Ja beim Spinnfischen ist es oft von Vorteil wenn sich schnur nicht dehnt. Geflochte Schnur dehnt sich nicht. Problem ist bei Poldern oft das die Schnur an denen lang schleift. Wenn man sich nach einem Angeltag dann die Schnur ansieht, stellt man oft fest das sie nicht mehr ganz glatt ist sondern ganz kleine fäden raus gucken; sie also rau ist. Jedenfalls auf den ersten 10 metern. 

Warum geflochtene? Sie erleichtert die Köderführung, das erkennen eines zaghaften bisses und gibt beim anhieb nicht nach.


----------



## Elfchen_19 (20. September 2010)

*AW: Das erste mal in den Niederlanden...*



Dulacre schrieb:


> ..., stellt man oft fest das sie nicht mehr ganz glatt ist sondern ganz kleine fäden raus gucken; sie also rau ist. *Jedenfalls auf den ersten 10 metern.
> *
> ...



Ich bin ja bei Dir (vom Denken pro geflochtene Schnur) - deshalb. nach dem Angeln einfach diese 10 Meter abschneiden, Montage neu dran knüppern und weiter geht`s - wahere`s your problem ??

Petri und veel plezier daar in de polders :m

Eddy


----------



## Dulacre (20. September 2010)

*AW: Das erste mal in den Niederlanden...*

Grundsätzlich kein Problem. Nur das geflochtene Schnur 20€ auf 100m kostet.

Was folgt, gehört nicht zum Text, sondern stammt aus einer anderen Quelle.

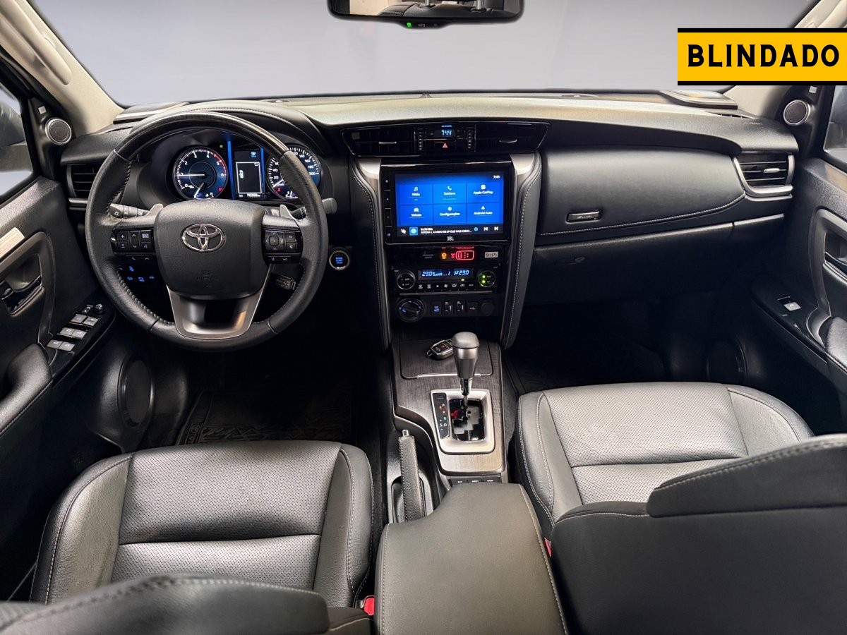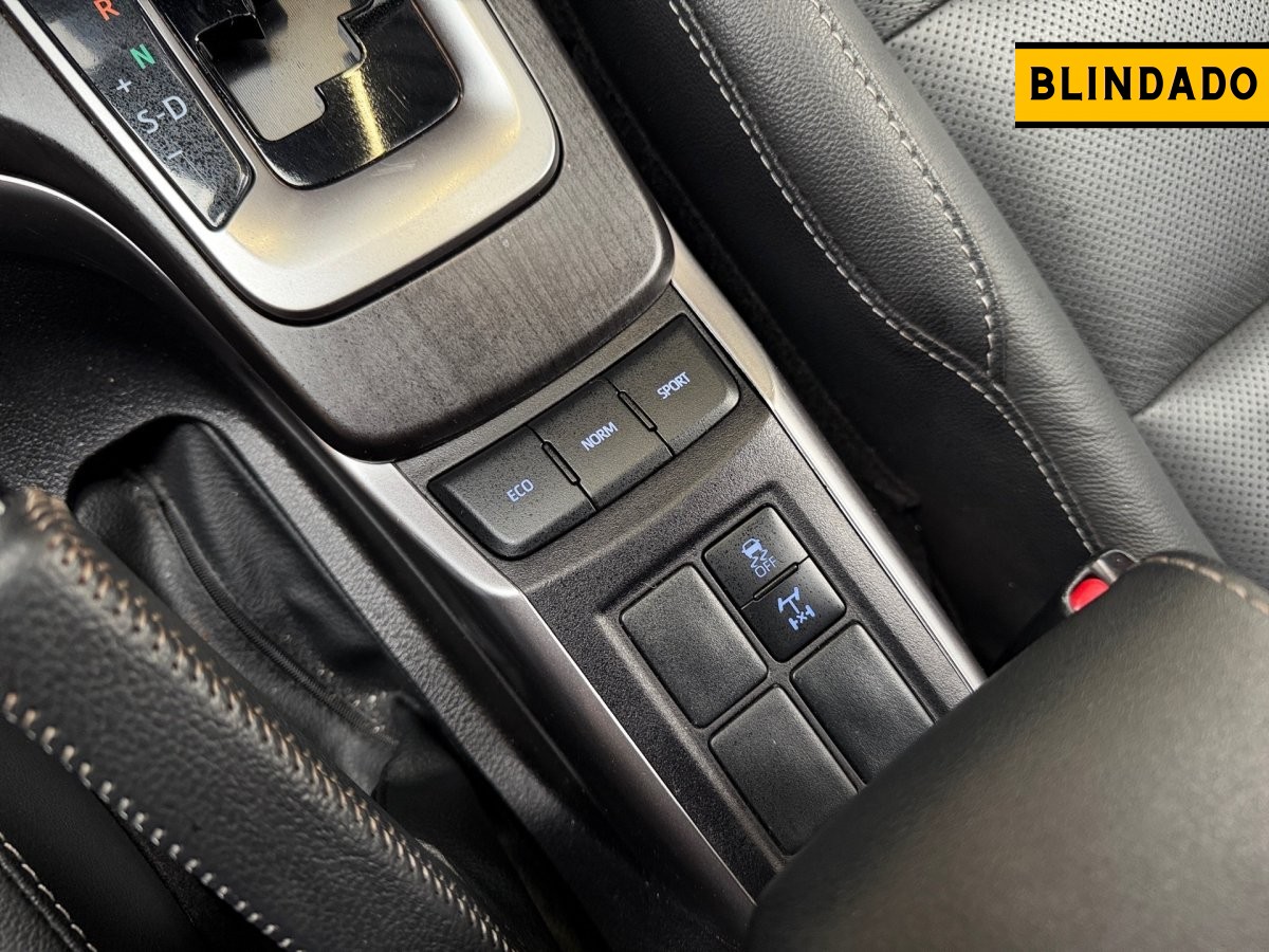 A Toyota SW4 SRX Platinum 2024 é um SUV de 7 lugares equipado com motor 2.8L Turbodiesel (204 cv, 50,9 kgfm), câmbio automático de 6 marchas, tração 4x4 com reduzida e diferencial traseiro com bloqueio. Destaca-se pelo pacote de segurança, incluindo o sistema Toyota Safety Sense (frenagem autônoma, ACC), câmeras 360°, e design com rodas aro 18" exclusivas.

Jedenfalls da wo ich se kaufe...


----------



## Udo561 (20. September 2010)

*AW: Das erste mal in den Niederlanden...*

Hi,
ich glaube wir reden aneinander vorbei :q
Ich denke mal du redest von den Pfeilern im Wasser 
Bei Polder in in NL rede ich hiervon
http://www.google.de/images?hl=de&q...esult_group&ct=title&resnum=4&ved=0CDgQsAQwAw
Zudem bekommst du gute geflochtene für um die 10Euro/100 Meter.
Gruß Udo


----------



## Dulacre (20. September 2010)

*AW: Das erste mal in den Niederlanden...*

^^ Ne ich meinte keine Pfeiler. Ich dachte an Steinschüttungen wie es sie am Ijsselmeer öfter mal gibt... Jedenfalls bezeichnen die angler dort diese häufig so. Sowas wie Buhnen halt ...

10€ für die schnur im Angelladen oder online. Unser laden möchte für einmal vollmachen (ca 130-150 meter) immer so um die 25€. Für ne 0,14er geflochtene... Wobei ne 0,10er sicher reichen würde glaube ich...


----------



## Elfchen_19 (20. September 2010)

*AW: Das erste mal in den Niederlanden...*



Dulacre schrieb:


> Grundsätzlich kein Problem. Nur das geflochtene Schnur 20€ auf 100m kostet. Jedenfalls da wo ich se kaufe...



Nun, dann muss ich ja annehmen, dass Dir die Sicherheit der geschuppten Freunde keinen Euro bis zwei/Session wert ist |kopfkrat?!

Wie Udo schon (richtig) sagte, einfach mal vergleichen - und lass uns doch einfach wieder on topic zurückkehren bitte - ich habe da immensen Wissensdurst, was die Polderangelei in NL betrifft :q.

Petri 

Eddy |wavey:


----------



## Kark (20. September 2010)

*AW: Das erste mal in den Niederlanden...*



Dulacre schrieb:


> ^^ Ne ich meinte keine Pfeiler. Ich dachte an Steinschüttungen wie es sie am Ijsselmeer öfter mal gibt... Jedenfalls bezeichnen die angler dort diese häufig so. Sowas wie Buhnen halt ...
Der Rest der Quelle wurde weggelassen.